From the first line to the last, transcribe the data exactly and skip the pictures.

▸ Data segment:
------------

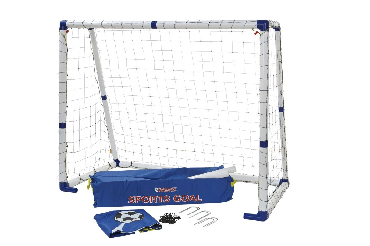 Das Freizeittor gibt es in verschiedenen Varianten und mit den beliebtesten Torgrößen für Freizeit- und Hobby-Fußballer. Die Konstruktion besteht aus 53 mm starken Kunststoffprofilen. Das Tornetz, Netzhaken und Bodenverankerungen sind inklusive.
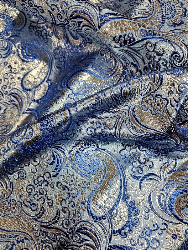 Ett sådant där tyg som får världen att stanna upp en liten stund. Du tänker ”Jag kan inte leva utan den!”. Lev ut, lev upp, det här tyget gör det möjligt. Tänk dig den där drömmiga klänningen, den vrålstiliga västen, tjusiga västen, manteln, byxorna etc. Jaquardvävt polyestertyg.
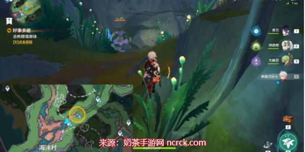 前往海沫村东北方向地下锚点,与NPC柯莎对话,接取任务「好事多磨」。

------------

▸ Final answer:
 Das Freizeittor gibt es in verschiedenen Varianten und mit den beliebtesten Torgrößen für Freizeit- und Hobby-Fußballer. Die Konstruktion besteht aus 53 mm starken Kunststoffprofilen. Das Tornetz, Netzhaken und Bodenverankerungen sind inklusive.
 Ett sådant där tyg som får världen att stanna upp en liten stund. Du tänker ”Jag kan inte leva utan den!”. Lev ut, lev upp, det här tyget gör det möjligt. Tänk dig den där drömmiga klänningen, den vrålstiliga västen, tjusiga västen, manteln, byxorna etc. Jaquardvävt polyestertyg.
 前往海沫村东北方向地下锚点,与NPC柯莎对话,接取任务「好事多磨」。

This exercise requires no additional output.